In other words, the net result is that analysis can demonstrate the presence of the limited number of nutrients the law says pet foods must contain, but many are partially or totally unavailable.

BARF meals that come close to being "Complete and Balanced" (i.e. nutritionally adequate) is both possible and desirable. The two basic and simple reasons this is valid are the BARF program uses a wide variety of whole raw foods, and it does not involve cooking.

The question is can raw food (BARF) meet AAFCO standards and still adhere to the principles of raw feeding?

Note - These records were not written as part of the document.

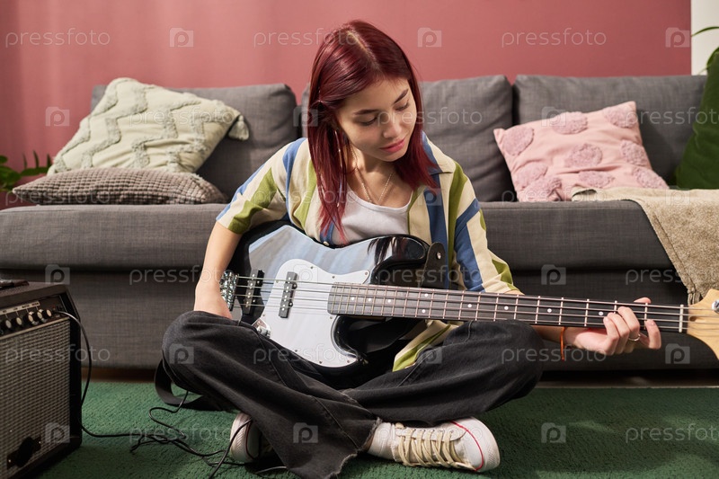 Играя на бас-гитаре в обстановке гостиной
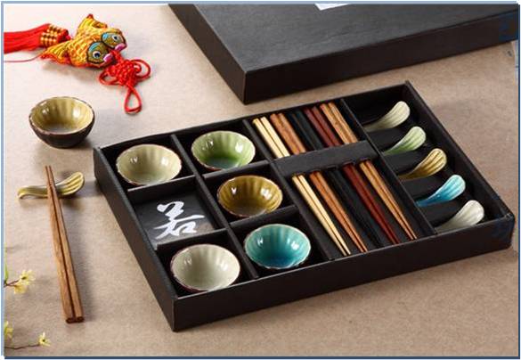 材质:瓷器,筷子为木质
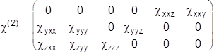 Тензор квадратичної сприйнятливості (2)c однорідних кристалів ніобіту літію, що використалися в даній роботі, має вигляд [5]:

No. What's worse, if raw foods are required to meet the same standards as kibble, AAFCO standards may actually cause raw food manufacturers to do more harm than good.

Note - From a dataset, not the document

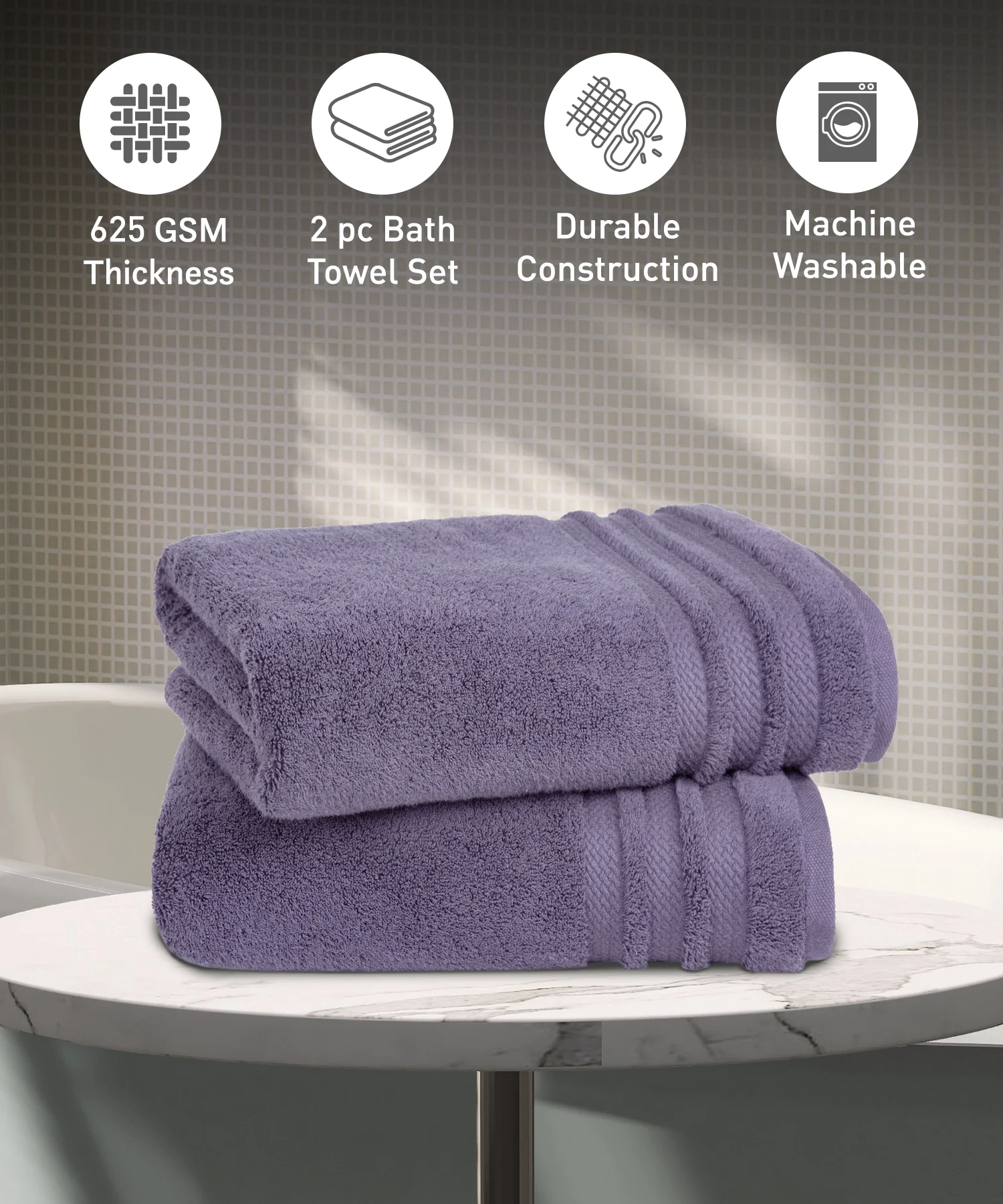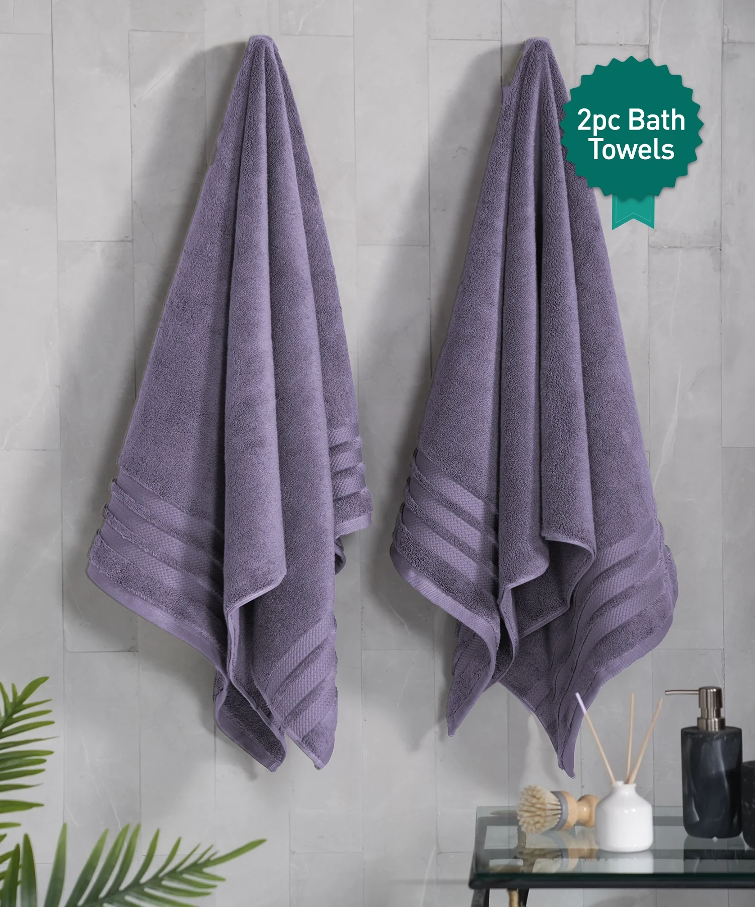 Luxury 2 PC Bath Towel Set, Purple|625 GSM Cotton|Anti Microbial

For example, AAFCO's current requirements for zinc is based on the low bio-availability of zinc in kibble: phytates in kibble bind with zinc, making zinc unavailable to the dog. With meat based raw foods, there are no phytates so this isn't an issue. Zinc also interacts with calcium. Less zinc is needed in diets lower
in calcium while more zinc is needed in diets high in calcium. If one uses NCR Guidelines, a 33 pound dog would require 52.5 mg zinc for 3500 kcal, but AAFCO would require 120 mg for the same dog. That's understandable if most of the zinc isn't bioavailable, but what happens when zinc is easily bioavailable, as it would be in a raw diet? Could the current levels cause raw manufacturers to put too much zinc in their diets in order to meet AAFCO standards? As with all micronutrients, an overdose could be harmful.

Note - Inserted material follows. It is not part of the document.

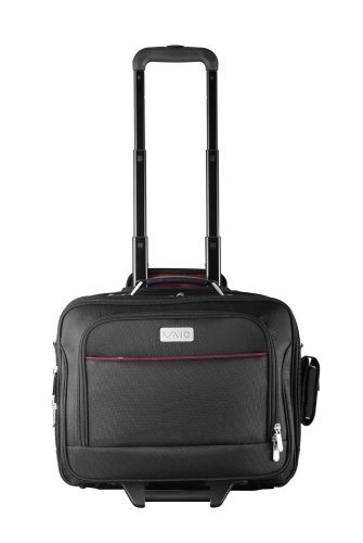 This case includes a removable slipcase, making it easy to transport your notebook to meetings. Jet black with handsome maroon accents and interior lining, the VAIO Rolling Notebook Case is good-looking and practical with sturdy silver hardware, a hideaway telescoping trolley handle, inline skate wheels and heavy-duty zippers and straps.The convenient storage includes a back compartment for overnight clothes and removable cell phone holder on the outside of the bag.
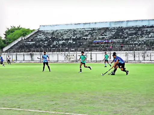 सालभर खेली जाने वाली हॉकी स्पर्धा में हिस्सा ले रहे खिलाड़ी यह प्रदेश का पहला अंतर राष्ट्रीय एस्ट्रोटर्फ हॉकी स्टेडियम है। करीब 10 साल पहले इसका निर्माण किया गया। ऑस्ट्रेलिया की कंपनी ने ग्रीन टर्फ बिछाया था जो अब खेलने लायक नहीं बचा। सालभर यहां पर छत्तीसगढ़ हॉकी, जिला हॉकी संघ और रुद्राक्षम वेलफेयर सोसायटी, विद्युत कंपनी द्वारा राष्ट्रीय और राज्य स्तर की हॉकी स्पर्धा कराई जाती है। इसी मैदान से ट्रेनिंग लेकर आज कई खिलाड़ी प्रदेश की टीम, अन्य राज्यों की टीम, खेलो इंडिया, साई और रेलवे, सीनियर और जूनियर हॉकी इंडिया टीम तक पहुंचे है।

The ratios of food ingredients, such as calcium and phosphorus, vitamin D and calcium, copper and zinc, vitamin E and fats, are important. Phytates in grains and fiber and legumes bind with zinc, calcium, iron, and magnesium and make these critical minerals less available to the body. According to NCR Guidelines, "If the Ca:P ratio exceeds 2:1 or the diet contains significant amounts of phytate, (phosphorus) absorption will decrease.”

Foods with grains therefore need to add more phosphorus to meet the requirements of a dog than a meat based raw diet would. Requiring both to have the same amount of phosphorus doesn't make sense and is potentially harmful. The amount of protein on a label doesn't tell you if the amino acids are in balance with one another or if the protein is in a usable form. High heat and processing can reduce the availability of amino acids, especially lysine, methionine and cysteine.

Many of the required nutrients (and there are over 40) are reactive or labile under the conditions of extrusion and high heat, so AAFCO nutrient profiles have been established to try to make up for this.

With vitamins, many nutritionists are opposed to using chemically synthesized vitamins, and for good reasons. A natural, whole food vitamin is different from a chemically synthesized vitamin. These differences will affect how the synthetic vitamin is absorbed and utilized by the body.

Ron Carsten, DVM MS, states (The Benefits of Whole Food Nutrition in Veterinary Medicine, Whole Food Nutrition Journal): "Synthetic vitamins and other substances are added (to kibble) in an effort to compensate for this nutrient loss. However, these additives create ongoing metabolic stresses that, coupled
with the limited ingredient selection and processing of foods, leads to situations in which cellular nutritional status can be compromised, causing malnutrition."

We need standards to protect our pets from harmful imbalances, insufficientcies or excesses. When it comes to raw foods however, AAFCO standards may not be a good fit nor do they ensure true nutritional excellence for dogs.

The BARF program of feeding pets goes well beyond the standards laid down by AAFCO, and is much closer to the theoretical ideal of being "Complete and Balanced."

To achieve nutritional soundness and adequacy, it is vitally important to feed as wide a range of whole foods as possible. This principle, in addition to feeding MAXOTA RAW, will ensure that your pet will achieve optimal health and wellness for many years to come.